» DIRECTIONS: Among the records below, find the line that has "en miljon km²."; from there, give the lines again exactly, and stop after the line that has "Knallend werk van".

== SUPPLIED ENTRIES ==

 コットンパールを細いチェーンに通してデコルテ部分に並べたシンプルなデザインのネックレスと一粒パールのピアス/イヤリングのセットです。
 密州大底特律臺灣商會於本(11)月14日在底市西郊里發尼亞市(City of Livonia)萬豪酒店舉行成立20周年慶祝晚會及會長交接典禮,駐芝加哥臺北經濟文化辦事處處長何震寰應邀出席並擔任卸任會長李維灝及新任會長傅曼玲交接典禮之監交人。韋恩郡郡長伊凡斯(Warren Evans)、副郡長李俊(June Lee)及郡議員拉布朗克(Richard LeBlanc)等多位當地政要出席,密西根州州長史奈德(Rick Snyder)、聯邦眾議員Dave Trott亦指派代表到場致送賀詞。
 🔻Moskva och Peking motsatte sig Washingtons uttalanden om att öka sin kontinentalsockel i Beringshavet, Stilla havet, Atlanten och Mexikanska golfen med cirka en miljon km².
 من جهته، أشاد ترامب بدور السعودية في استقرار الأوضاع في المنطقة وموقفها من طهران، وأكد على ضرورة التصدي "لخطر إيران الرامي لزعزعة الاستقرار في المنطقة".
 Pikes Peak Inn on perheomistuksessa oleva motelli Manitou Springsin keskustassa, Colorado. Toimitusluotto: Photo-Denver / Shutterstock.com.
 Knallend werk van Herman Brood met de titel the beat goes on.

===
== SUPPLIED ENTRIES ==

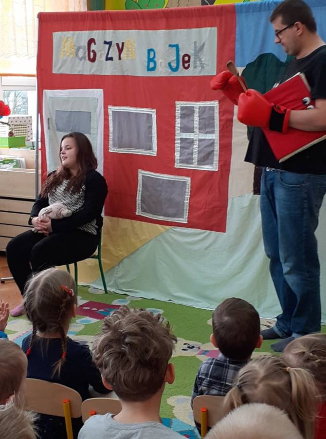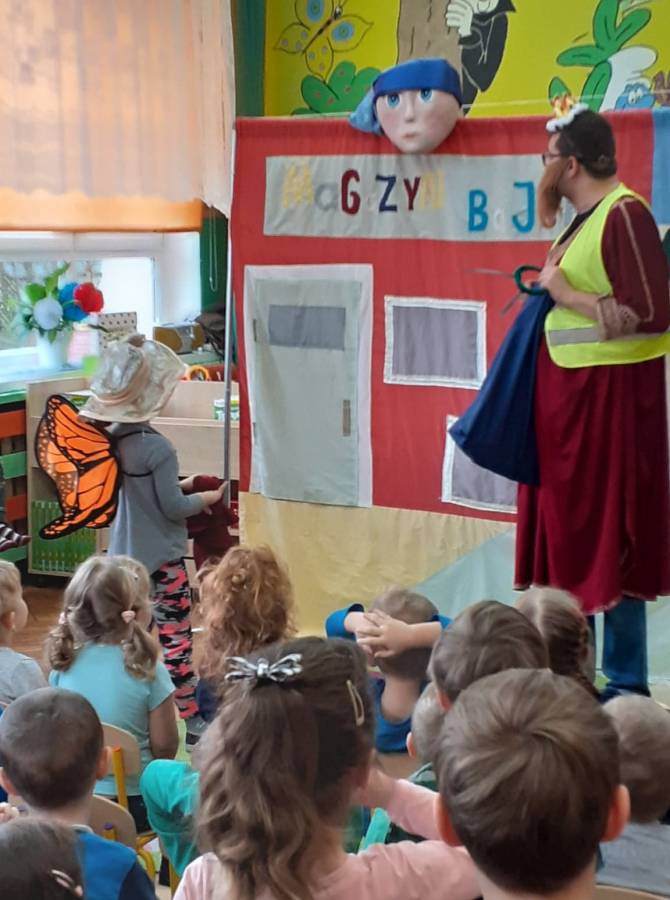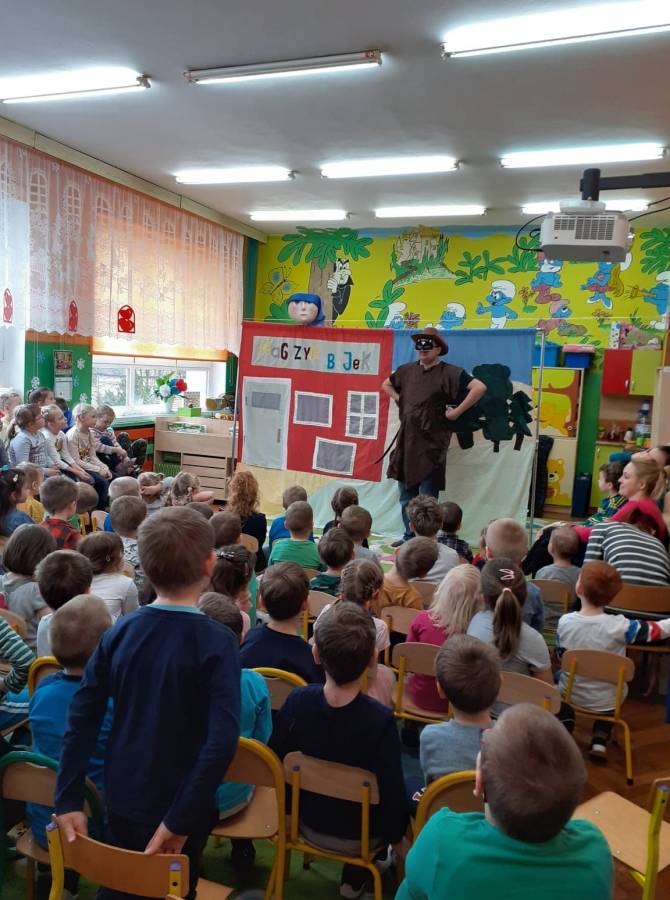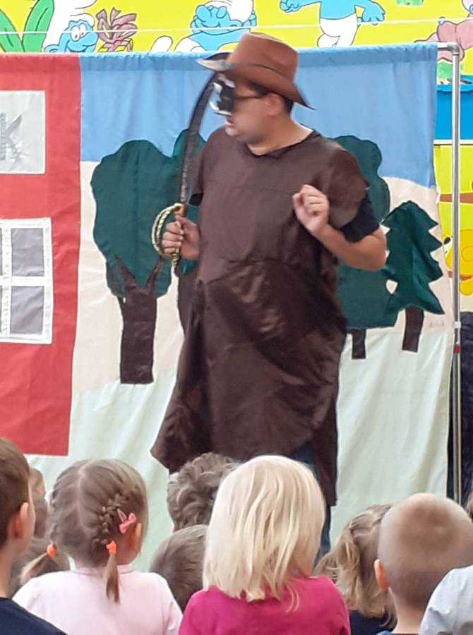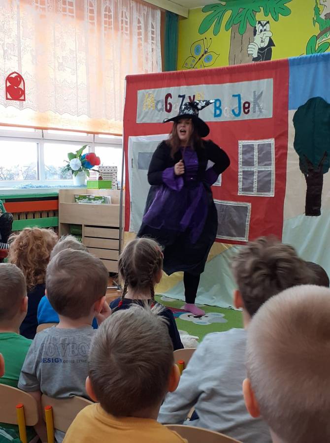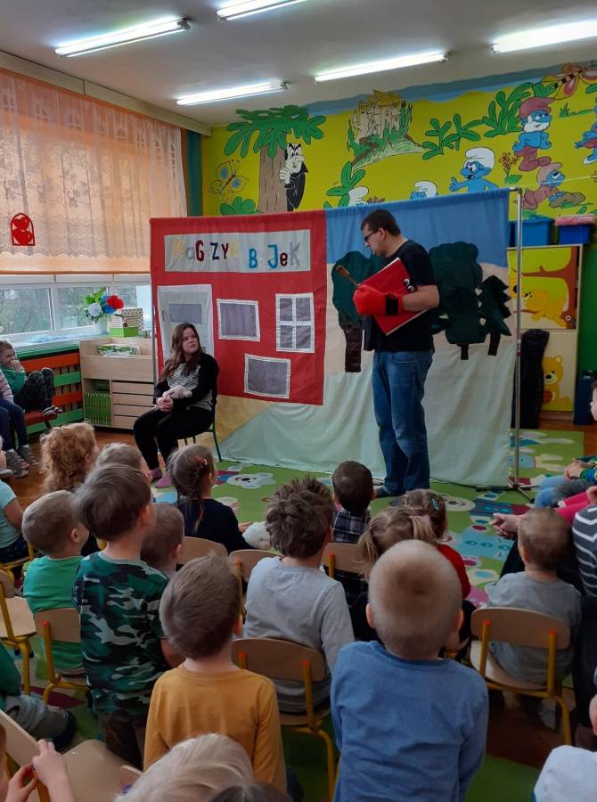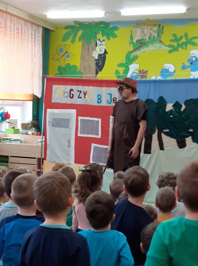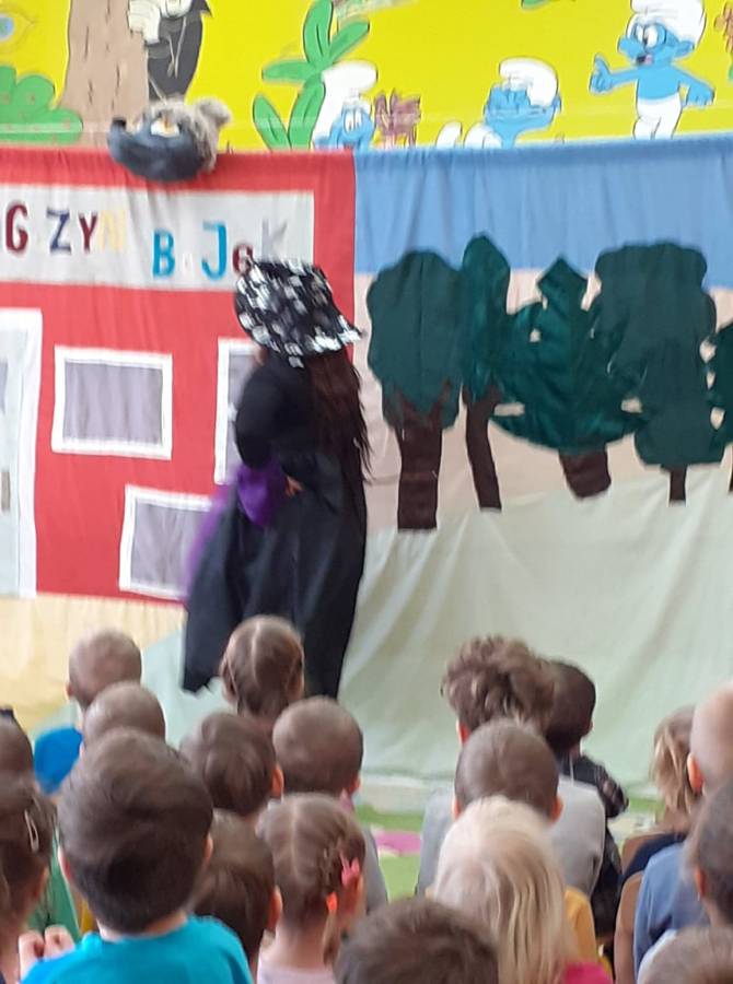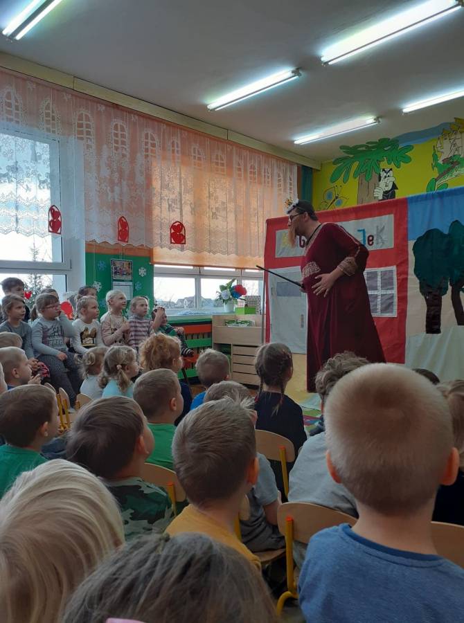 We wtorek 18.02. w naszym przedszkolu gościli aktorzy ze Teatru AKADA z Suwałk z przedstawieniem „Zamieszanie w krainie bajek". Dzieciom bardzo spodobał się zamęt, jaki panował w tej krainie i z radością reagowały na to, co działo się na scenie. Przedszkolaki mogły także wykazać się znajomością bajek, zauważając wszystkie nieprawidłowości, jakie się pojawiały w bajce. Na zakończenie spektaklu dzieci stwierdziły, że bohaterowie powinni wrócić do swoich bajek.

===

» ANSWER SECTION:
 🔻Moskva och Peking motsatte sig Washingtons uttalanden om att öka sin kontinentalsockel i Beringshavet, Stilla havet, Atlanten och Mexikanska golfen med cirka en miljon km².
 من جهته، أشاد ترامب بدور السعودية في استقرار الأوضاع في المنطقة وموقفها من طهران، وأكد على ضرورة التصدي "لخطر إيران الرامي لزعزعة الاستقرار في المنطقة".
 Pikes Peak Inn on perheomistuksessa oleva motelli Manitou Springsin keskustassa, Colorado. Toimitusluotto: Photo-Denver / Shutterstock.com.
 Knallend werk van Herman Brood met de titel the beat goes on.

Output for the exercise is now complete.